C'è un film sulla mafia "che non si può vedere". E' "Uomini d'onore" girato da Francesco Sbano.
Al centro ci sono gli "uomini d'onore", con i loro modelli di vita che affondano le radici nel tempo. Tra gli intervistati, oltre ad un "fuoriuscito" dall' "onorata società", non pentito, che spiega i riti di affiliazione alla cosca, c'è anche un vero latitante con un passamontagna, rifugiato tra i boschi, che elenca i valori della tradizione: onore, rispetto, e disprezzo per gli infami.
Sono scene dure, avulse dal contesto del crimine e dell'illegalità. E' il quadro di uno spaccato di una cruda realtà, in cui si avanzano pretese antropologiche, per tentare di capire le regole della 'ndrangheta che si tramandano da padre a figlio, e che costituiscono un vera e propria cultura che origina sopraffazione, delitti e vendette.

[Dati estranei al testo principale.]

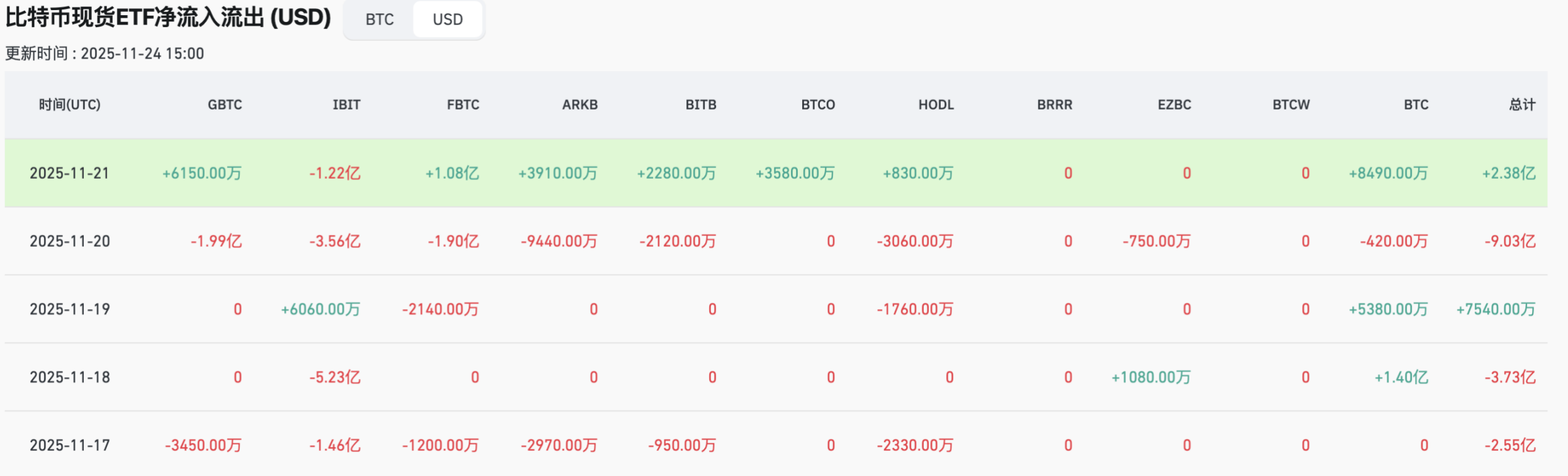 图:BTC ETF流出12.18亿美元,环比增长9.5%

Ma più che di vita, sarebbe più giusto parlare di cultura di morte, e di comportamenti quotidiani per chi sceglie il "vincolo di sangue".
E come spiega qualcuno nel corso delle riprese: nella "onorata società" si ha rispetto per gli anziani e per loro saggezza, per le donne, e nessuno tocca i bambini. Un vero e proprio "codice" etico di una morale alternativa. Per i giovani è diverso: «Senza lavoro in Calabria l'unica via per campare è questa».



postato da: Calabbrog alle ore 11:24 | link | commenti (5)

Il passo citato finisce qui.